Structured Thought Processes

I was reading through some of Dan Heisman's excellent chess articles. One thing I like a lot about his writings on ChessCafe is his focus on the practical requirements to play well and improve. One lesson he gives is the importance of playing well throughout the game. After all, it only takes one major blunder to lose a game. At the scholastic level this is especially important. It's not a natural act for a young child to look at the board from their opponent's point of view or to weigh the consequences of their actions and consider multiple options before physically acting. The vast majority of players in the K-1 age group are playing the first decent looking move they can find. Alyssa and Richie have developed their basic skills enough and have been playing long enough that I thought it was time to introduce a structured thought process into their game. The idea is to have a few steps that you go through each and every move of the game.
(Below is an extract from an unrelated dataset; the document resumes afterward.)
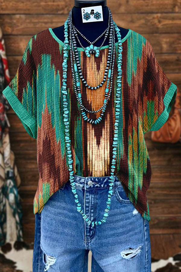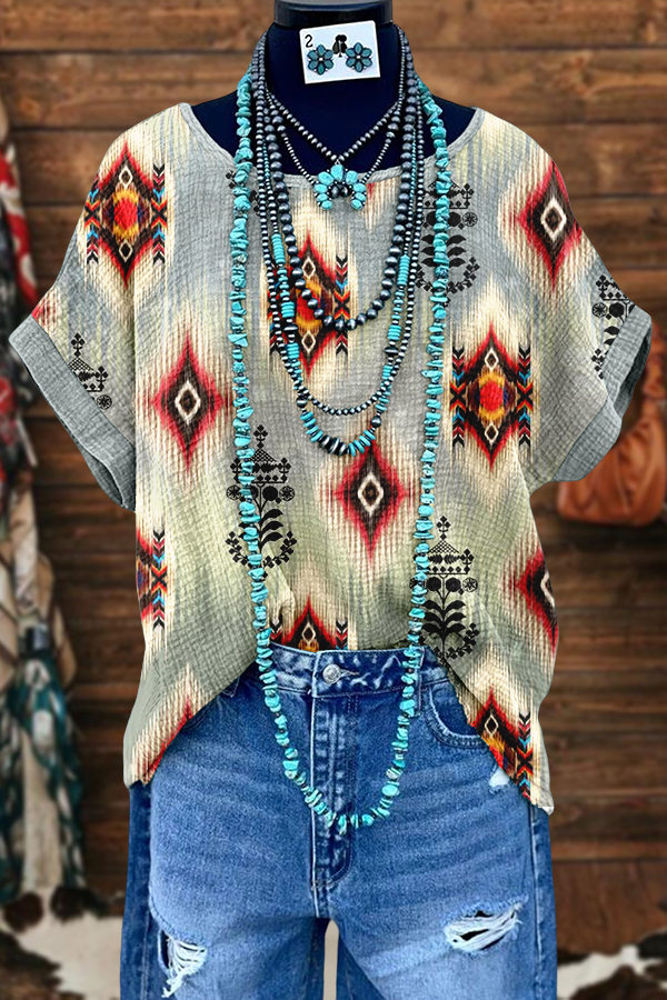 Retro Western Aztec Ethnic Style Washed Dolman Sleeve T-shirt

I had looked through some example processes in various sources but I thought for my kids that it was important to keep it relatively simple. It wouldn't do any good to give them a 12 step checklist since they'd never be able to do it.

The first thing I did was give them the analogy of the weakest link. I described a chain that had all its link made of steel and one of it's links made of play-doh. I asked them to imagine someone pulling on this chain. I explained that in a chess your game can only be as good as the weakest moves you make.

For the structured thought process, therefore I asked them to remember these things. Most importantly, I asked them to do this *every move* of the game.

On their turn:
1. Look for threats. Look at the last moved piece, scan the squares it attacks and check for moves that go through the square it left. This is far and away the most important thing to learn.
2. Choose three candidate moves that do not obviously lose material. Here is where you can really make things complicated if you want. But at this stage I wanted a realistic goal. In practice I've told them that some moves they should consider are moves that answer a threat defensively, moves that attack the opponents pieces or king, moves that move your pieces into more active positions. For Richie, I've asked him specifically to analyze in-between moves carefully.
3. Visualize their opponent's best response to their candidate moves, try to visualize at least three half-plies ahead, particularly if they are forcing their opponent to do something (e.g. checks, queen attacks, attacking a free piece).
4. Play the move they like the best

I noticed that during their games, they would focus when it was their turn but tune out when it wasn't their turn. I said that if you watched grandmaster's play, they thought just as hard during their opponent's turn as they did on their own. Since it can be difficult to guess what their opponent is going to do, rather than spend all their effort finding what they think might be likely continuations, I suggested that they should try something different.

When it's their opponents turn:
1. Look at all of their opponents pawns and pieces and identify which ones are weak.
2. Look for weak square that are not defended which can be reached by their pieces.
3. Look for three-move-plans. Pick an objective and find a three move sequence that helps accomplish that plan.

I've been talking talking to them about this process for about one month. I asked them recently to play a game against each other where they talked about the process out loud and I enforced the process at each move.

Not surprisingly they played a wonderful game. To all of our surprise, the game lasted nearly two hours and none of us noticed. Around move 50 I suspended the exercise and put them on a clock. The idea was to see if they could do an abbreviated version: look for threats, pick 2 candidate moves. Alyssa who was playing white and had been winning stumbled a bit under the time pressure but otherwise played well above her level in my opinion.